NEW YORK, N.Y. – Burger King’s new lower-calorie french fries didn’t spark a stampede to restaurants, but the company says they helped push up sales slightly amid heightened competition.
The Miami-based chain on Thursday reported a higher quarterly profit on growth overseas, with particularly strong results Asia. In North America, it said new menu items like Satisfries french fries and the Big King burger, which mimics McDonald’s Big Mac, helped lift sales 0.2 per cent at established locations.
Alex Macedo, Burger King’s president of North American operations, said the rollout of Satisfries boosted fry orders overall.
“It’s not a mainstream product, it doesn’t have the broadest appeal, but it is a premium product and has had success,” Macedo said. “People who were coming in and not ordering fries are now ordering fries.”
Burger King Worldwide Inc. and other fast-food chains are fighting to attract diners constrained by the economy and a storm-filled winter, along with tough competition from higher-priced quick-service restaurants like Chipotle.
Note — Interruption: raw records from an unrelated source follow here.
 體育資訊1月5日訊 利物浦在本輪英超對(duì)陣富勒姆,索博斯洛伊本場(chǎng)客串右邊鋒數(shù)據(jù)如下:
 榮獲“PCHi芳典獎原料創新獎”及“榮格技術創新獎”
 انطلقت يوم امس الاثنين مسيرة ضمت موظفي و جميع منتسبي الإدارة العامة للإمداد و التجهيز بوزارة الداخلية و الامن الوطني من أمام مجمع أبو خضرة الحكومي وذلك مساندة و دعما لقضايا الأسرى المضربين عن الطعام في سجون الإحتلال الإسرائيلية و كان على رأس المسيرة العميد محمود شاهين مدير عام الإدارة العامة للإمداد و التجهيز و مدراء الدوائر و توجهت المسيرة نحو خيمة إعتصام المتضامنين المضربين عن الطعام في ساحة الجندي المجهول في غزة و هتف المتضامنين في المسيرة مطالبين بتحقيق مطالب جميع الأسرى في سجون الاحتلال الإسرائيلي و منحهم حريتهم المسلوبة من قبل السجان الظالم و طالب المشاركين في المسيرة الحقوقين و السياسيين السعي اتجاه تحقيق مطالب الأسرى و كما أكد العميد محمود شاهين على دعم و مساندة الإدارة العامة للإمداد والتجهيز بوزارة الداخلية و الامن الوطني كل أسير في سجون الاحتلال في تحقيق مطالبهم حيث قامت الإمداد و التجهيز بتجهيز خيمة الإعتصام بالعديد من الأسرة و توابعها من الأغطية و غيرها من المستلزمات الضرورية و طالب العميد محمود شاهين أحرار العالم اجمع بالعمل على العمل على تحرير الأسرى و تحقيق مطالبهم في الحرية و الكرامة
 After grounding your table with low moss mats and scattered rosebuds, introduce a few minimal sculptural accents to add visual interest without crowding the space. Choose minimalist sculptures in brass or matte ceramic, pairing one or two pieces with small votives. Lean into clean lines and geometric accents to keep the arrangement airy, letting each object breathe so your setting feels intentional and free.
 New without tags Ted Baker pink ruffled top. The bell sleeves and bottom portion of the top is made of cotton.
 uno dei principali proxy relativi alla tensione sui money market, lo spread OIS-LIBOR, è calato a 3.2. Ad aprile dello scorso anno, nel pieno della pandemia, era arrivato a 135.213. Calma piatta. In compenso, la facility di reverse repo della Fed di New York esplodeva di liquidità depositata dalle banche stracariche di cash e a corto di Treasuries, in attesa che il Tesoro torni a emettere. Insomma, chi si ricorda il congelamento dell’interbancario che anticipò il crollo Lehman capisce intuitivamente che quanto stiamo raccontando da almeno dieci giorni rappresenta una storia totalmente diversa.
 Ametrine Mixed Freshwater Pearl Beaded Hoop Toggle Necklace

In response, Burger King has introduced a string of new menu items and pushed deals.
The unveiling of Satisfries in particular came with great fanfare, with the company hosting a preview of the fries for media in a New York City penthouse this past September. The fries have about 20 per cent fewer calories than the chain’s regular fries as a result of a batter that blocks out some of the oil during frying.
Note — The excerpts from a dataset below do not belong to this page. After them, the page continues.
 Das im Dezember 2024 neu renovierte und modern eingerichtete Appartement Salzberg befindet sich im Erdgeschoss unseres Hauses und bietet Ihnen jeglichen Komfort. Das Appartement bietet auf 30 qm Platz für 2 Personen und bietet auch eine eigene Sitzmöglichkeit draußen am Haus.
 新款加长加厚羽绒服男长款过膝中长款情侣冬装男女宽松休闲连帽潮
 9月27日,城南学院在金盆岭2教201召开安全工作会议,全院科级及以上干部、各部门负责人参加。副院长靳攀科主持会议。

They cost extra, with a small order priced at $1.89, 30 cents more than regular fries.
Macedo said the fries also show Burger King’s commitment to developing new products. The chain has been undergoing significant structural, menu and marketing changes since it was purchased and taken private by 3G Capital, a Brazilian private investment firm. In 2012, 3G unveiled a revamped menu before announcing a deal to take the chain public again.
For the quarter ended Dec. 31, Burger King says it earned $66.8 million, or 19 cents per share. That compares with $48.6 million, or 14 cents per share, a year ago.
Not including one-time items, it said it earned 24 cents per share, above the 23 cents per share Wall Street expected.
The sale of company-owned restaurants to franchisees led to lower revenue of $265.2 million, which was below the $268.2 million analysts expected. Such refranchising reduces corporate revenue because the company records only the fees the franchisee pays rather than the total restaurant sales.
Burger King had 13,667 restaurants last year.